Currently, about 87% of global demand for lithium is for producing rechargeable batteries for electrical grids, vehicles, and electronics including laptop computers and mobile telephones. But its other qualities are also critical, including, as Natural Resources Canada reports, enhancing “the durability, corrosion resistance, and thermal resistance of glass products used in glass-ceramic stovetops, glass containers, specialty glass, and fiberglass. Its properties improve productivity and reduce energy consumption in glassmaking.”
So, if we crave lithium so much, why do we need to attend to the black mass?
“Black mass” isn’t just the title of a heavy metal album. It’s the powdery melange of various materials from lithium-ion batteries produced during recycling. Because, as The Bulletin of Atomic Scientists reports, extracting lithium is not merely financially expensive but ecologically destructive, so the world needs to recover as much used lithium from depleted batteries as possible.
The problem is that until now, doing so has been difficult, requiring acid or energy-intense, ultra-high-temperature smelting. And that’s why a new approach from Rice University in Houston is so important. In their Joule paper “A direct electrochemical Li recovery from spent Li-ion battery cathode for high-purity lithium hydroxide feedstock,” lead author Yuge Feng and colleagues reveal how they developed a new, cleaner, and more efficient electrochemical approach for recovering lithium.

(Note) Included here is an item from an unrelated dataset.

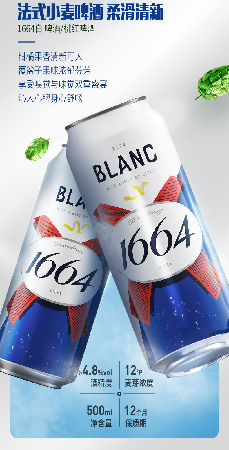 【部分地区缺货】嘉士伯畅饮套装500ml*12罐(1664桃红啤酒*6+风花雪月桃花味*6)新旧包装随机发

“Instead of burning or dissolving the black mass,” they write, “we essentially ‘recharge’ the cathode materials inside it, prompting them to release [lithium]. By pairing this reaction with simple processes like splitting water, we can directly produce [lithium hydroxide], a highly pure compound that can be used to make new batteries. The process only needs electricity, water, and the battery waste itself, without harsh chemicals.”
The Rice team’s method is so efficient that in experiments it yielded lithium hydroxide at over 99% purity, and was so energy efficient that it worked stably for more a thousand continuous hours, recycling more than 50 g of black mass.
So, what led to the innovative lithium recovery approach?
“We asked a basic question,” says Sibani Lisa Biswal, co-corresponding author of the study. “If charging a battery pulls lithium out of a cathode, why not use that same reaction to recycle?”
A battery works by removing lithium ions from the cathode (the electrode that accepts electrons and thus reduces the charge). During the beginning of the reaction in the Rice system, lithium ions migrate across a thin cation-exchange membrane (a layer of crosslinked polymer chains fixed with negatively charged groups) into flowing water. Then, a simple water-splitting reaction at the auxiliary electrode generates hydroxide, which combines with the lithium to produce lithium hydroxide.
“By pairing that chemistry with a compact electrochemical reactor, we can separate lithium cleanly and produce the exact salt manufacturers want,” says Biswal, chair of Rice’s Department of Chemical and Biomolecular Engineering, and the William M. McCardell Professor in Chemical Engineering.
New Atlas has previously reported on fast, inexpensive direct lithium extraction that could prevent supply crises, and a super-fast robotic system for dismantling EV batteries to extract lithium, cobalt, and metal foils. The Rice approach is a further advancement because it works with lithium-iron-phosphate, lithium-manganese-oxide, nickel-manganese-cobalt, and other battery chemical variants.
As co-corresponding author Haotian Wang says, “Directly producing high-purity lithium hydroxide shortens the path back into new batteries,” which “means fewer processing steps, lower waste and a more resilient supply chain.” Wang is also an associate professor of chemical and biomolecular engineering.
“We’ve made lithium extraction cleaner and simpler” for reducing energy use and emissions, says Biswal. “Now we see the next bottleneck clearly. Tackle concentration, and you unlock even better sustainability.”
Source: Rice University